Good question. I compared more MLLM including Qwen-VL and the results are shown in Table 5 of Appendix. It is apparent that Qwen-VL performs well on ChartQA, however, their performances are much lower when facing charts in special types.

I do not want to emphasize that their performances are worse than ChartLlama. In fact, I totally agree with you that the poor performance of a series of MLLMs on ChartQA is due to the lack of corresponding training data. And the method of how to construct such data is the main contribution of our work.

tingxueronghua commented 9 months ago

Personally, I think the main reason for LLaVA's poor performance on ChartQA is the lack of training data, which makes LLaVA unsuitable as a multimodal LLM representative for chart understanding. Why not compare the proposed model with Qwen-VL and show results before and after fine-tuning Qwen-VL. Also, PALI-X shows great performance in ChartQA.

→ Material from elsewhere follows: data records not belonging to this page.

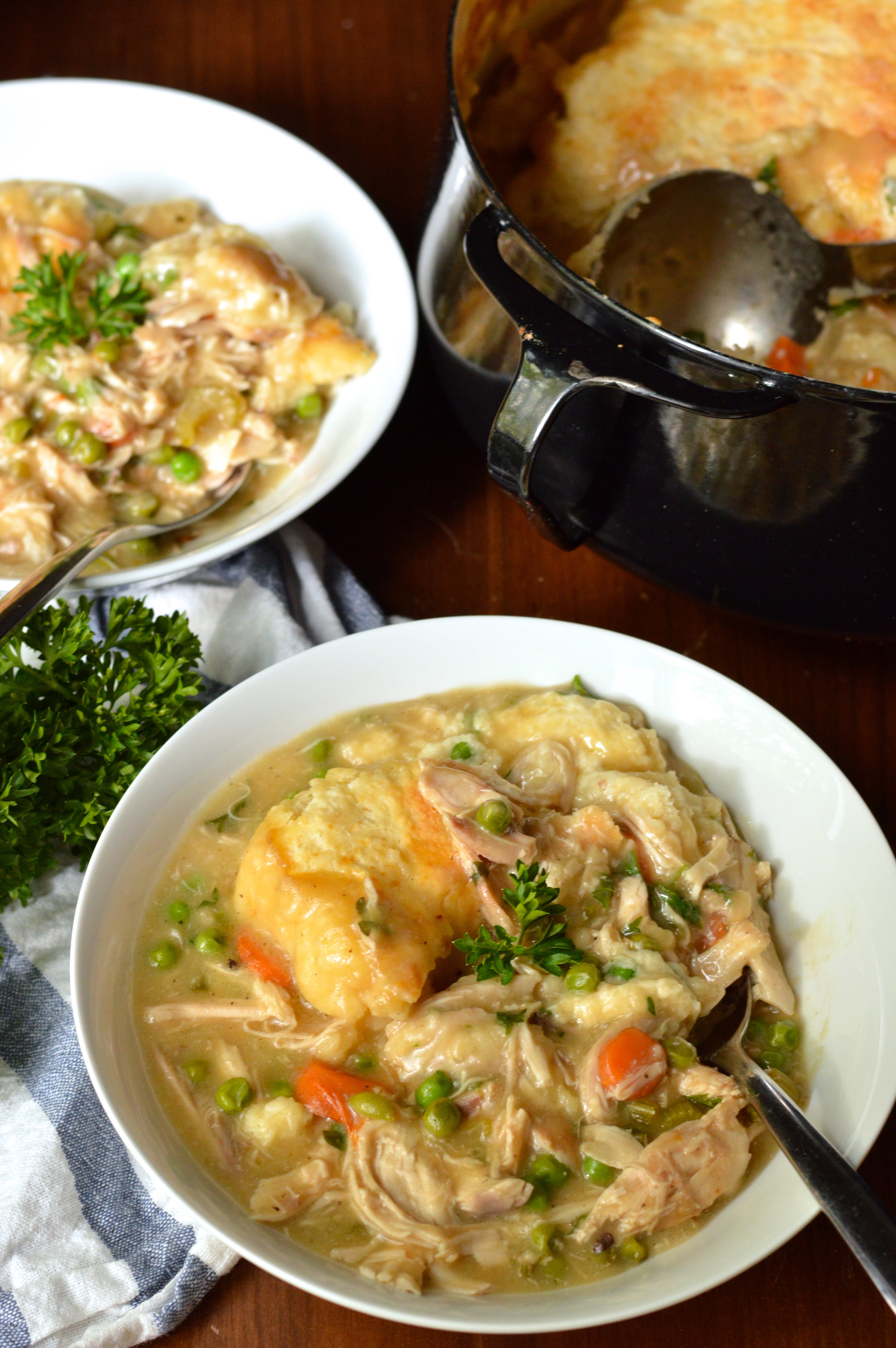 When I was old enough to start cooking my own meals, this was one of the first recipes I was determined to master. Later in life I started experimenting and toying with Grandma’s recipe, and the way I make it today is actually quite different from the way she does. Chicken bouillon cubes have been replaced with homemade chicken stock, canned vegetables scrapped and swapped for fresh, and real buttermilk biscuits take the place of Grandma’s biscuick topping. I believe her recipe originally came from a woman’s magazine with a focus on convenience food, but times and tastes change, and I prefer this fresher, less processed, more modern interpretation.
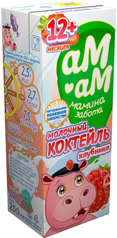 Молочный коктейль АМ-АМ для детей с 12 месяцев с клубникой 200 мл 2,5 %
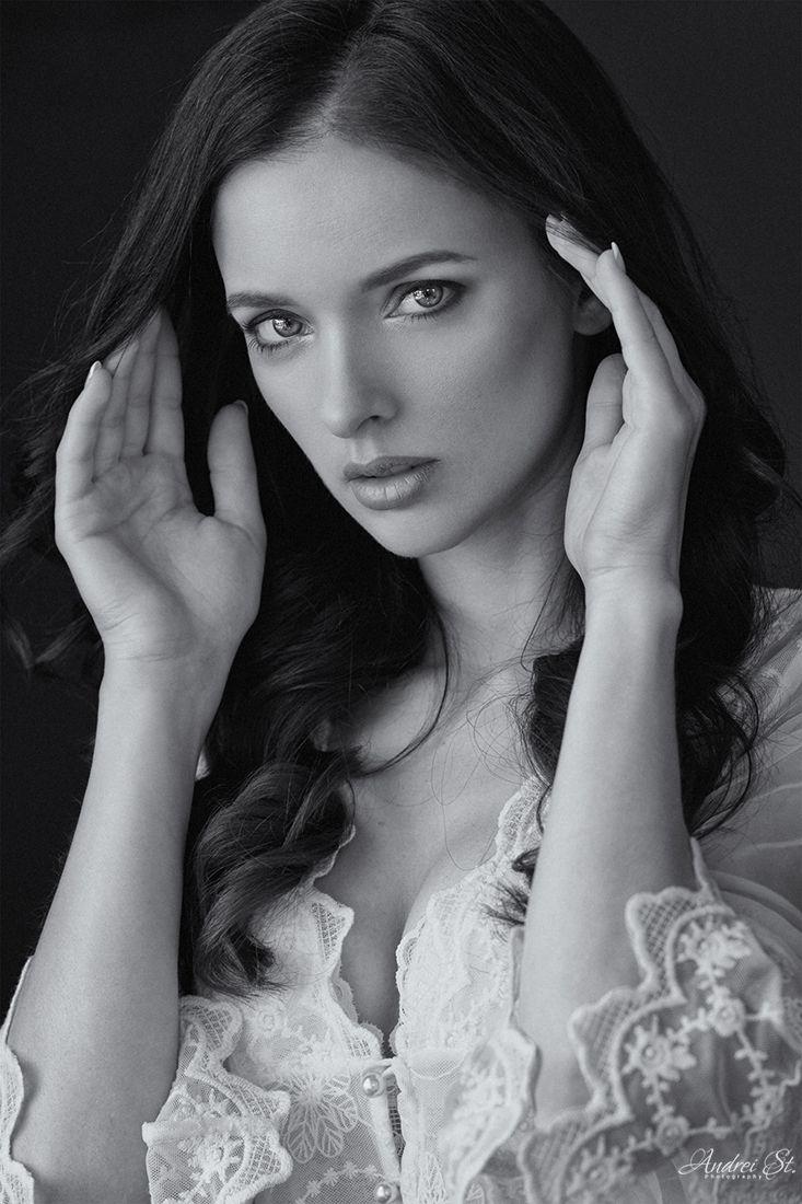 Черно-белый портрет передает глубину и эмоциональность момента. Женщина в кружевной блузке, с руками у лица, смотрит прямо в объектив — взгляд пронзает, а свет мягко моделирует черты. Фотограф Андрей Ст. использует минимальный фон, чтобы акцентировать внимание на выражении лица и текстуре одежды. Изображение сочетает в себе элегантность и внутреннюю силу, характерные для современного фотожурнализма.

I notice that you asked why not fine-tune Qwen-VL. In fact, as the experiment results shows, I think Qwen-VL has already been trained on ChartQA. And I do not think it would be a good idea to fine-tune it again, which might harm the ability of language understanding. (And I am not sure about the best way to further fine-tune Qwen-VL on specific data source.) Besides PALI-X, there are also other works showing impressive performances on ChartQA. For example, combining chart-extracting methods and online LLM could achieve much higher performances, for example, DePlot with Codex. But we focus on the MLLMs which could infer end-to-end on our machine, and it would be more convenient to test the performances on other datasets.

tingxueronghua commented 9 months ago

I think the questions are well answered :)

Feel free to re-open this issue if you have any further questions.